Born in Pittsburgh, Pennsylvania, into a Jewish Orthodox family of Russian origin, Levant went to live in New York in 1922, after the death of his father, Max. He started studies under the tutelage of Zygmunt Stojowski, a well-known piano teacher. In 1924, at 18 years of age, he starred with Ben Bernie in a short, Ben Bernie and All the Lads, shot in New York with the sound system of Lee DeForest Phonofilm.
In 1928, Levant traveled to Hollywood, where his career took a positive turn. There he became friends with George Gershwin. Between 1929 and 1948 he composed music for more than twenty cinematographic productions, and in that period he also composed totally or partially numerous popular songs, highlighting among them “Blame It on My Youth” (1934).
Around 1932 he started composing serious music. He studied under the direction of Arnold Schoenberg, impressing him to the point that the composer offered to work as his assistant (Levant rejected the offer, as he did not consider himself qualified.) His formal studies led Aaron Copland to request him to play in Yaddo at the Festival of contemporary American music. Levant began to compose a new orchestral work, a sinfonietta. Coinciding with all this, he married the actress Barbara Woodell, from whom he divorced in 1932.
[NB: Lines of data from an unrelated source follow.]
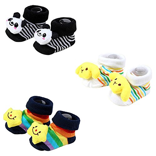 Tortor 1bacha(JP) 靴下 ベビー ベビー靴下 赤ちゃん キッズ キッズ靴下 ソックス 滑り止め付きカジュアル 出産祝い くつ下 可愛い 星 犬 パンダ 3足セット 6足セット (M, 5)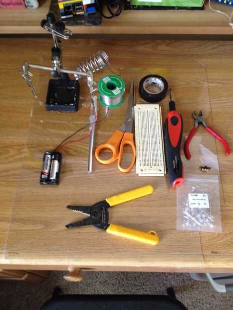 Primero debe obtener los materiales mostrados aquí, soldadura, Cautín de lápiz, sólido y alambre trenzado, luces LED, un tablero de pan para probar el circuito, aunque no es necesario, 2 pilas AA, un soporte de la batería 2 ranura AA, cortador de alambre / pelacables, cinta aislante, un interruptor, tijeras, Velcro, lija, pegamento caliente y algunas láminas de plástico, yo tengo la mía desde el pasillo de la manía.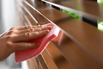Brown wooden blinds decorate in house on window.

In 1939 Levant married for the second time, with the singer and actress June Gale (born Doris Gilmartin), one of the Gale Sisters. Oscar and June remained married for 33 years, until his death. They had three children: Marcia, Lorna, and Amanda.
Levant was then perhaps best known to the American public as one of the panelists of the Information Please radio contest. At first he had thought of him as a guest panelist, but Levant became so popular that he became part of the cast of the show, participating in it along with panelists Franklin Pierce Adams and John Kieran, presented by Clifton Fadiman. < / p>
From 1947 to 1949, Levant performed regularly on the radio show of the NBC Kraft Music Hall, starring Al Jolson. Not only did he accompany Jolson to the piano with popular and classical songs, but he often joked and improvised with Jolson and his guests. Both artists had a relationship with George Gershwin-Jolson presented Gershwin’s song “Swanee” -something that influenced their good relationship. The two acted like themselves in the biopic of Gershwin Rhapsody in Blue (1945). Levant also starred in The Barkleys of Broadway (1949) and An American in Paris (1951).
In the early 1950s, Levant was an occasional panelist for the NBC contest Who Said That? Between 1958 and 1960 Levant presented a TV talk show for Los Angeles KCOP-TV, The Oscar Levant Show, which would later transmit in retransmission. In the program he played the piano, monologue and interviewed guests of the likes of Fred Astaire and Linus Pauling.
Tendency to neurosis and hypochondria, in his last years Levant suffered addiction to drugs, and often had to be taken by his wife to psychiatric hospitals.
Because of all this, Levant gradually withdrew from public life.
Heavy smoker, Oscar Levant died in Beverly Hills, California, from an acute myocardial infarction, in 1972, at 65 years of age. He was buried in the Westwood Village Memorial Park Cemetery in Los Angeles.